Good luck and I sure hope you put it on the blog when you get it done.

Jeffrey Pinyan said...

Father, I would be happy to email you a digital copy (PDF) of my book, Praying the Mass: The Prayers of the People. It addresses the new English translation -- specifically the people's parts -- and explains the changes in the translation. (I'm still working on the book for the priest's prayers.) I can also mail you a complimentary copy.

People will want to know about "and with your spirit". They will want to know about things like "consubstantial" in the Creed, and probably also why we'll say "I believe" instead of "We believe". They'll want to know about the "not worthy that you should enter under my roof". My book addresses all those things and more.

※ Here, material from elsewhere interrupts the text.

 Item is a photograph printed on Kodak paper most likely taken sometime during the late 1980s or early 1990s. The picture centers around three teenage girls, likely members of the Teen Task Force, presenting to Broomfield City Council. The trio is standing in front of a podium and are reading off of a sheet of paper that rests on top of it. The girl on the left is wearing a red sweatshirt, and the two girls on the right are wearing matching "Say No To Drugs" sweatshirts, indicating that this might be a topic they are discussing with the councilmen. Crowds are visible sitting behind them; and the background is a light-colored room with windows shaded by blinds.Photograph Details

Other resources: check out http://www.usccb.org/romanmissal/resources.shtml for explanations about "for many" (pro multis) among other things.

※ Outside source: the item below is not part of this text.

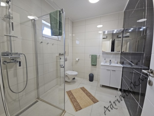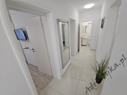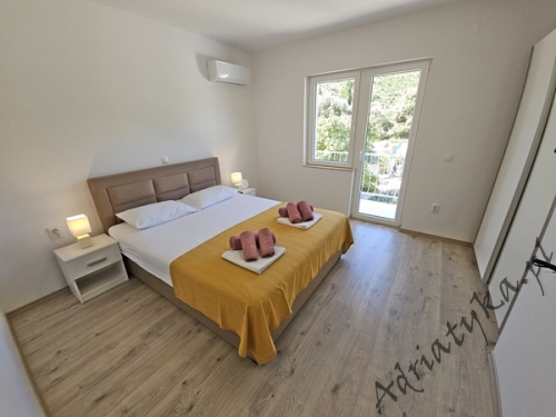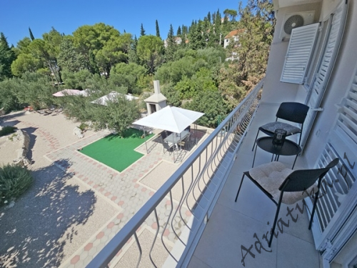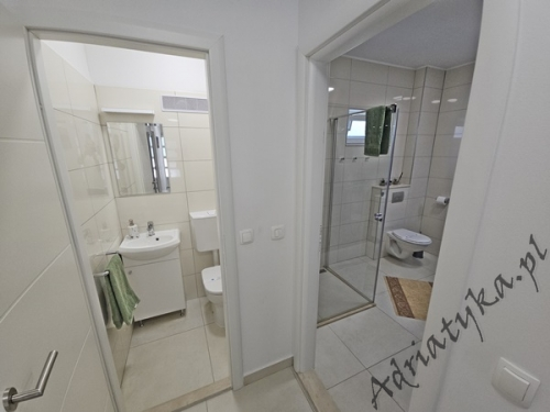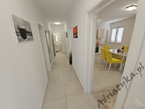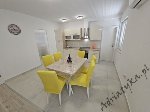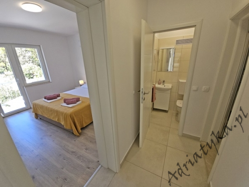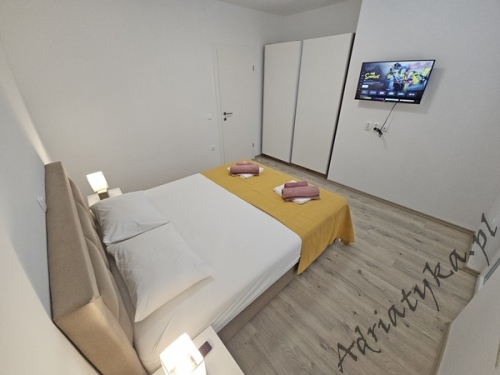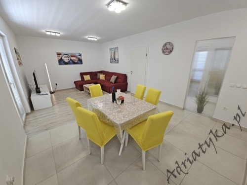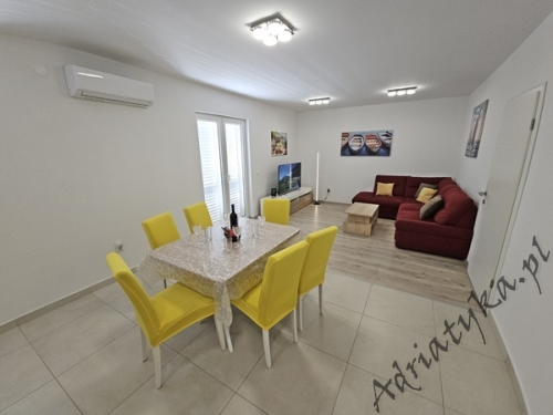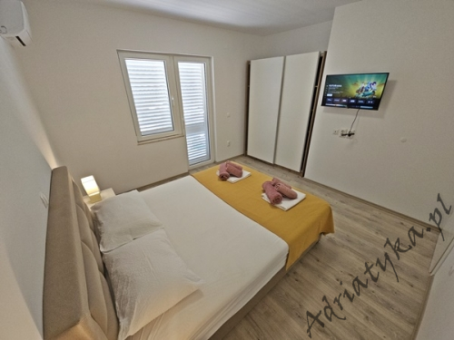Cena od: 50€ za dobę* * podana cena jest ceną minimalną. Pełny cennik na dole oferty. Informacje dotyczące kwatery Bardzo ładny, duży apartament (75 m²) w którym może być zakwaterowane do 5 osób, kategoria ***, pierwsze piętro, potrójna klimatyzacja (w każdym pokoju), internet, TV x 3, TV-SAT, dwie sypialnie (obie z wyjściem na balkon), ładna kuchnia połączona z jadalnią i pokojem dziennym (wyjście na balkon), bardzo ładna łazienka, toaleta, korytarz, pralka, żelazko, deska do prasowania, suszarka na pranie, dwa balkony (jeden z widokiem na morze), bardzo duży ogród (300 m²), stoły i krzesła + leżaki na balkonach i w ogrodzie, meble ogrodowe, parasole, grill, prysznic ogrodowy, prywatny parking, palenie w apartamencie nie jest dozwolone (palenie jest dozwolone na tarasie lub w ogrodzie). Wyposażenie kuchni: naczynia do przygotowywania i serwowania jedzenia i napojów, sztućce w odpowiedniej ilości, zmywarka, elektryczno-gazowa kuchnia, duża lodówka (135 L), zamrażarka (35 L), czajnik elektryczny, mikrofalówka, ekspres do kawy, toster, piekarnik, okap kuchenny. Wyposażenie łazienki: kompletne, kabina z prysznicem, suszarka do włosów. Wyposażenie toalety: umywalka, sedes. Zwierzęta domowe mile widziane (usługa dodatkowo płatna 5€ za dobę). Informacje o pokojach Ilość pokoi: 2 + pokój dzienny, łączna liczba łóżek w pokojach: 3, łączna liczba łóżek dwuosobowych: 2, liczba łóżek jednoosobowych: 1 (łóżko znajduje się w pokoju dziennym, rozkładana sofa). Odległości Odległość do przystanku autobusowego 500 m, odległość do stacji kolejowej 140 km (Split), odległość do najbliższego portu lotniczego 160 km Split (Trogir), odległość do przystani promowej 300 m, odległość do hałaśliwej (ruchliwej) ulicy 500 m, odległość do kantoru 300 m, odległość do bankomatu 300 m, odległość do restauracji 200 m, odległość do sklepu 60 m, odległość do najbliższej stacji benzynowej 10 km. PlażaBardzo ładna żwirowa i kamienista plaża, oddalona od obiektu o 100 m, odległość do morza wynosi 120 m. W najbliższej okolicy znajduje się wiele innych, bardzo ładnych plaż. Inne uwagi Apartament znajduje się na pierwszym piętrze ładnego domu. Budynek usytuowany jest blisko od plaży (około 100 m). Goście mają do dyspozycji internet, dwa balkony (jeden z widokiem na morze), bardzo duży ogród, stoły i krzesła + leżaki na balkonach i w ogrodzie, meble ogrodowe, parasole, prysznic ogrodowy, prywatny parking oraz murowany grill, na którym można przygotować rybne i mięsne specjały dalmatyńskiej kuchni przy kieliszku dobrego, domowego wina i rakiji. Internet: usługa wliczona w cenę wynajmu. Cennik

There are also some excellent video/audio resources (with transcripts) at http://liturgy.nd.edu/webcatechesis/ that I recommend.

Jeffrey Pinyan said...

Oh, my book also address Jackie's question: why do we need a new translation. The Introduction of the book talks about the need for a "sacral vernacular". Elsewhere in the book I address doctrinal accuracy. Also, in certain places in the text, we're catching up in faithfulness to the Latin to languages like Spanish, French, Italian, and German: they all translated "et cum spiritu tuo" properly, actually translating the word "spiritu".

I would also recommend you read the (recently-released) Introduction to my book on the priest's prayers which addresses the need for a better translation as well, especially one which SOUNDS Latin, because it's a vernacular translation of the LATIN Rite! Read that introduction online here.

Fr Martin Fox said...

Jeff:

Thanks! I'll get back to you!

Mama said...

I guess one of my questions would be - why at all? What I mean is, why is it SO important that the translation be "accurate"? The Mass is what it is - the sacrifice of Christ for us. Do the words change that? I can almost understand the words being changed to make me pay more attention to what I am saying, but even with the "correct" translation, who is to say that in 40 more years someone won't say that it isn't right?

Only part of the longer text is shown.